- Your instructions -
Write out the records beneath this line exactly as they appear, minus any images.

- Data -
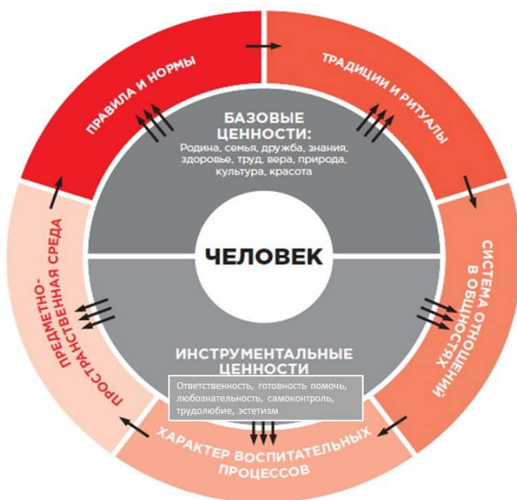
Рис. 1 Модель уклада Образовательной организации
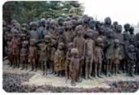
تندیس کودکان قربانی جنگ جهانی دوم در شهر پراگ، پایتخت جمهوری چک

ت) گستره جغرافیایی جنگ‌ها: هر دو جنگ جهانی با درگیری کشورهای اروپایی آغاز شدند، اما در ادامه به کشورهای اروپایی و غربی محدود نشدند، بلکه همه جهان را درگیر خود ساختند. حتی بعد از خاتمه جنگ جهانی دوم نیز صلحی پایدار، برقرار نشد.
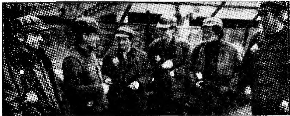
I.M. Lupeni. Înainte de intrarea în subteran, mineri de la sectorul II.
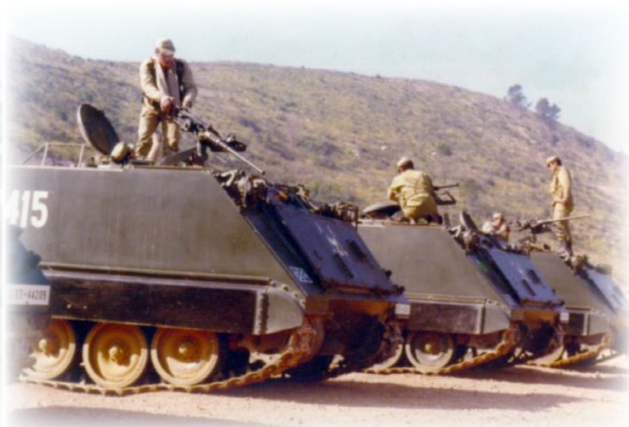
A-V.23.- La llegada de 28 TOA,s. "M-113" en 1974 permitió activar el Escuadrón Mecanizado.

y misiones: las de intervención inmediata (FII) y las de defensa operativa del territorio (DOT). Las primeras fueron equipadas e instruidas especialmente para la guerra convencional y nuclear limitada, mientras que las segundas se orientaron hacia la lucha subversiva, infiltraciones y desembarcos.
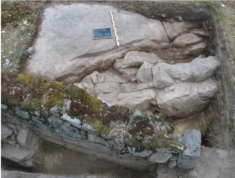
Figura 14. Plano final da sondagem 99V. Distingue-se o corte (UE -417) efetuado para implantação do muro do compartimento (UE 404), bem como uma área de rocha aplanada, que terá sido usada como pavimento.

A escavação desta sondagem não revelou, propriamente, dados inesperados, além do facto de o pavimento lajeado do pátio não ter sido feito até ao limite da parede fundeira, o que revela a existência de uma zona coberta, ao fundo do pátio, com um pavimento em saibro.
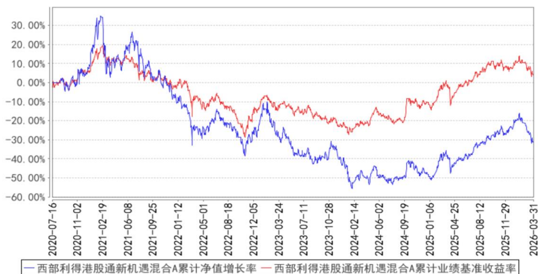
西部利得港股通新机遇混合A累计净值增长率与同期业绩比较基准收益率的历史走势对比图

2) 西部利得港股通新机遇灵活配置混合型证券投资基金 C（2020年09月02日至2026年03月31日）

- Finished exercise -
Рис. 1 Модель уклада Образовательной организации
تندیس کودکان قربانی جنگ جهانی دوم در شهر پراگ، پایتخت جمهوری چک

ت) گستره جغرافیایی جنگ‌ها: هر دو جنگ جهانی با درگیری کشورهای اروپایی آغاز شدند، اما در ادامه به کشورهای اروپایی و غربی محدود نشدند، بلکه همه جهان را درگیر خود ساختند. حتی بعد از خاتمه جنگ جهانی دوم نیز صلحی پایدار، برقرار نشد.
I.M. Lupeni. Înainte de intrarea în subteran, mineri de la sectorul II.
A-V.23.- La llegada de 28 TOA,s. "M-113" en 1974 permitió activar el Escuadrón Mecanizado.

y misiones: las de intervención inmediata (FII) y las de defensa operativa del territorio (DOT). Las primeras fueron equipadas e instruidas especialmente para la guerra convencional y nuclear limitada, mientras que las segundas se orientaron hacia la lucha subversiva, infiltraciones y desembarcos.
Figura 14. Plano final da sondagem 99V. Distingue-se o corte (UE -417) efetuado para implantação do muro do compartimento (UE 404), bem como uma área de rocha aplanada, que terá sido usada como pavimento.

A escavação desta sondagem não revelou, propriamente, dados inesperados, além do facto de o pavimento lajeado do pátio não ter sido feito até ao limite da parede fundeira, o que revela a existência de uma zona coberta, ao fundo do pátio, com um pavimento em saibro.
西部利得港股通新机遇混合A累计净值增长率与同期业绩比较基准收益率的历史走势对比图

2) 西部利得港股通新机遇灵活配置混合型证券投资基金 C（2020年09月02日至2026年03月31日）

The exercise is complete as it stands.